* TASK PROMPT *
Below is a listing with pictures. Repeat exactly the lines starting at the one holding "甘肅省水電工程局公司搶險救災" and going on through the one holding "Table 2. Susceptibility", and leave every picture out.
═════ EXERCISE MATERIAL
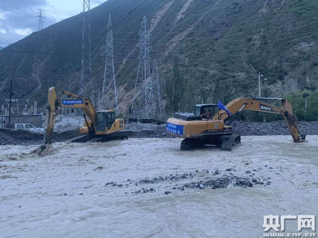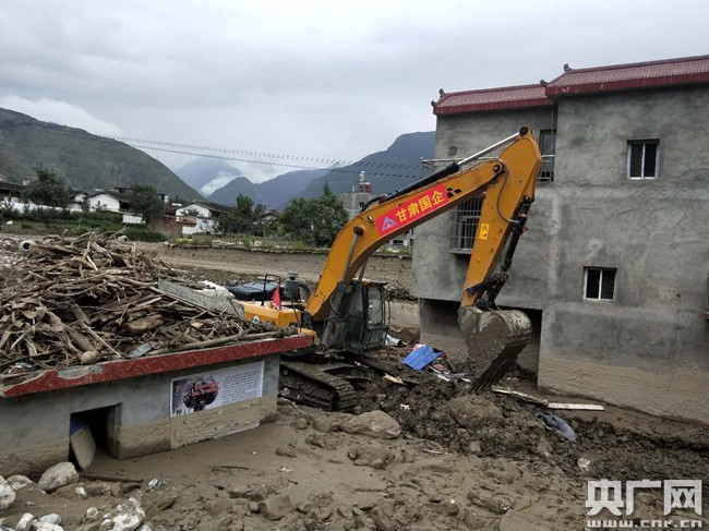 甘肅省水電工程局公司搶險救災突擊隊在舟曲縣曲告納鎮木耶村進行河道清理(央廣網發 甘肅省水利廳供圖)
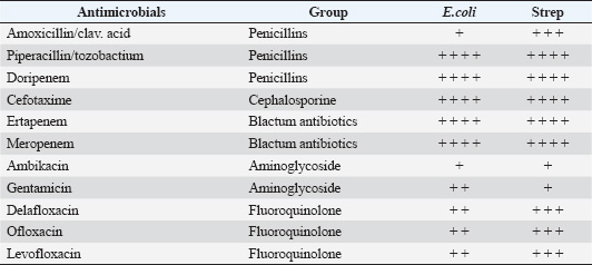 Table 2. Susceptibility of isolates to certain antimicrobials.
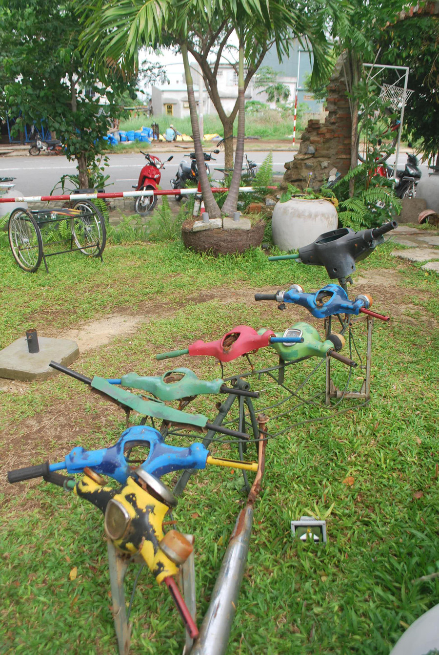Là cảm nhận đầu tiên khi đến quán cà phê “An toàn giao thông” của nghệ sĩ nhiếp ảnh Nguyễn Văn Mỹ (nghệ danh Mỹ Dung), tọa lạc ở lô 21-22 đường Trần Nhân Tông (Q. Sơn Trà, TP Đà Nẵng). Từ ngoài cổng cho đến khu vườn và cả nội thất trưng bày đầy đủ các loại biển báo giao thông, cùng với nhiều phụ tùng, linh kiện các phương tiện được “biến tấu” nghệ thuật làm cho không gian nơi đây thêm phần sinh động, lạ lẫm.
══════════
═════ EXERCISE MATERIAL
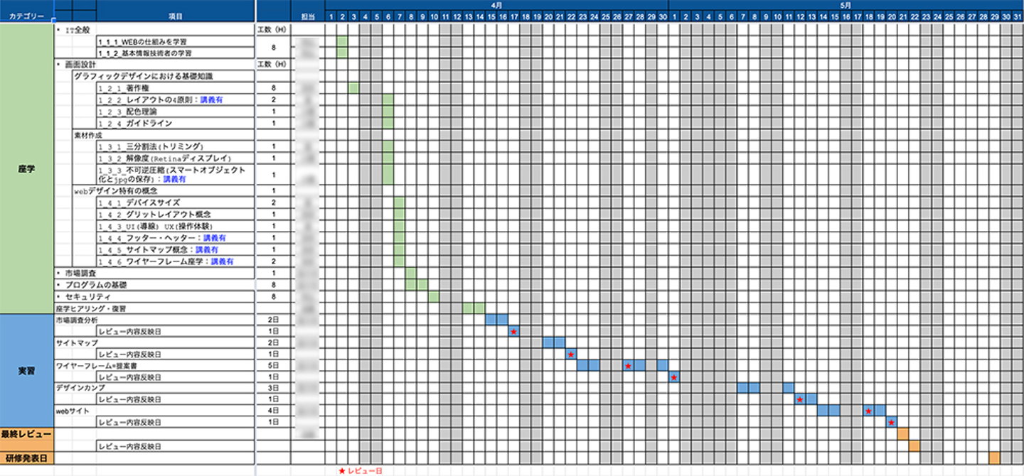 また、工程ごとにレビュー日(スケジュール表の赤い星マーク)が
══════════
═════ EXERCISE MATERIAL
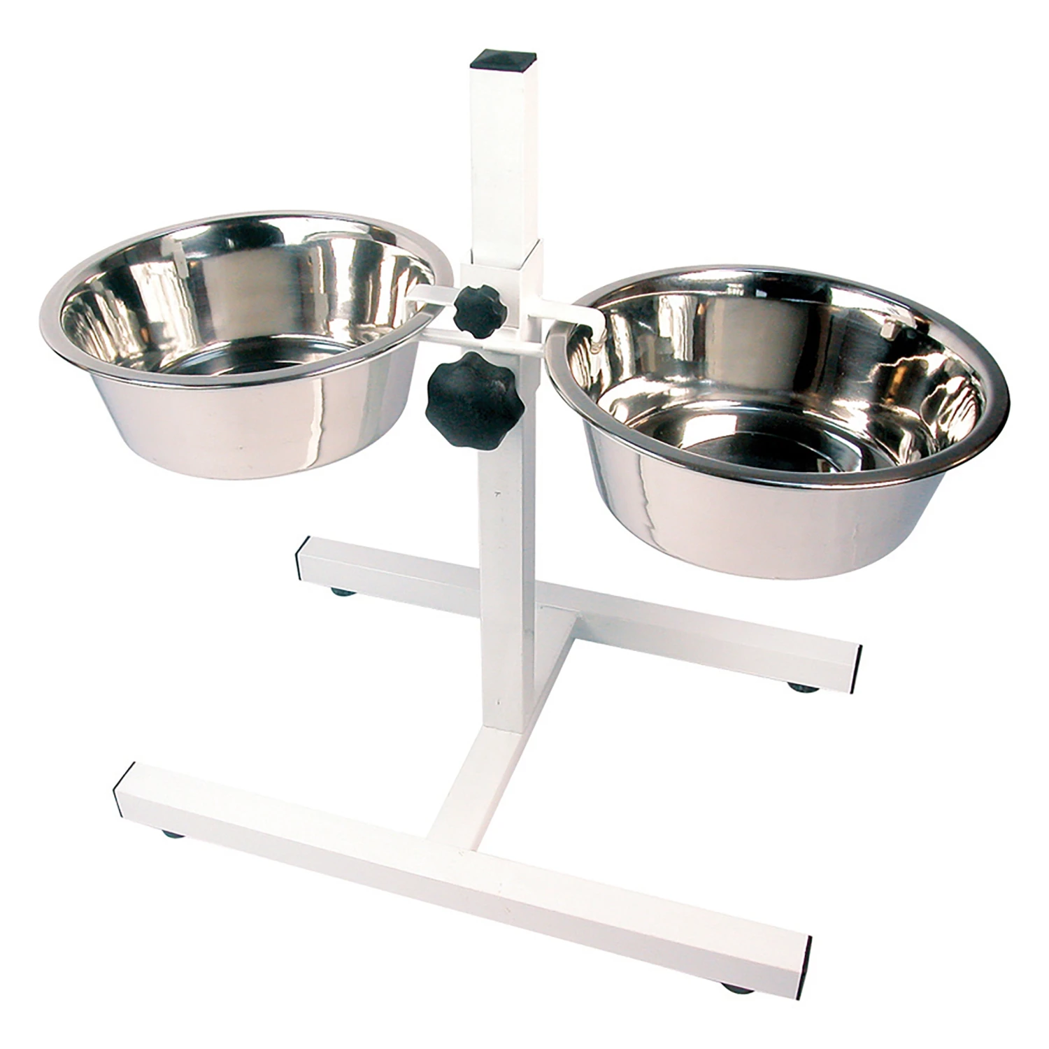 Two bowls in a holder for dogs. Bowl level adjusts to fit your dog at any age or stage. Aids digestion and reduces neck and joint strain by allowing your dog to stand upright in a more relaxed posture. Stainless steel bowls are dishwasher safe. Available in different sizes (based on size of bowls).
══════════
* TASK ANSWER *
 甘肅省水電工程局公司搶險救災突擊隊在舟曲縣曲告納鎮木耶村進行河道清理(央廣網發 甘肅省水利廳供圖)
 Table 2. Susceptibility of isolates to certain antimicrobials.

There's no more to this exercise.